This is Trump's Charlottesville connection

President Trump boasted Tuesday that he actually has a business connection to Charlottesville, Va., where violent protests erupted over the weekend, killing one woman and injuring multiple others.

“I own actually one of the largest wineries in the United States. It is in Charlottesville," Trump said after a press conference at Trump Tower in New York Tuesday.

“It’s a great place and it’s been pretty badly hurt over the last couple of days,” he added.

Trump bought the vineyard in 2011 and reopened it as Trump Winery in 2015, turning the business over to his son, Eric Trump, who now serves as the owner and president.

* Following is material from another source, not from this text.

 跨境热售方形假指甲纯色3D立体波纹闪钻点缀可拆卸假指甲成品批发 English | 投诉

According to the winery’s website, the business is “not owned, managed or affiliated with Donald J. Trump, The Trump Organization or any of their affiliates.”

In an interview with FOX Business’ Cheryl Casone duing the winery’s grand opening in July of 2015, Eric Trump said that it is the “largest distributive winery on the East Coast in the United States. We do 55,000 cases of wine a year.”

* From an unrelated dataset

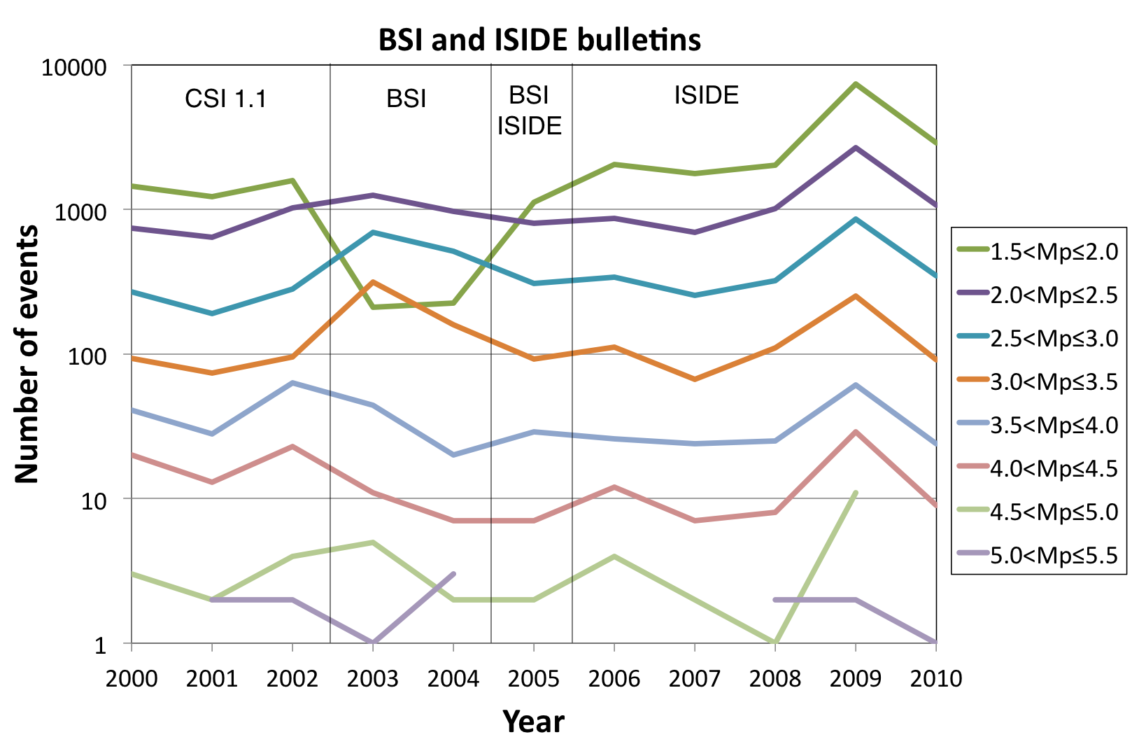 ▲ Figure S3. Number of earthquakes per year within various magnitude thresholds for BSI and ISIDE on-line bulletins. The last three years (from 2000 to 2002) of CSI 1.1 catalog are also reported for comparison.

Trump has been criticized this week for his initial remarks regarding white nationalists and neo-Nazi groups protesting the removal of a statue of Confederate General Robert E. Lee, saying both sides – the left and the right – are to blame. On Tuesday, he later backed up his statement again, saying, “You had a group on one side that was bad. You had a group on the other side that was also very violent. Nobody wants to say that. I’ll say it right now.”

Trump, however, did condemn neo-Nazis but added that “not all of those people were neo-Nazis, believe me. Not all of those people were white supremacists by any stretch.” Additionally, he criticized the “alt-left” group that he said was “very, very violent” when confronting the while nationalist and neo-Nazi groups that had gathered in Charlottesville.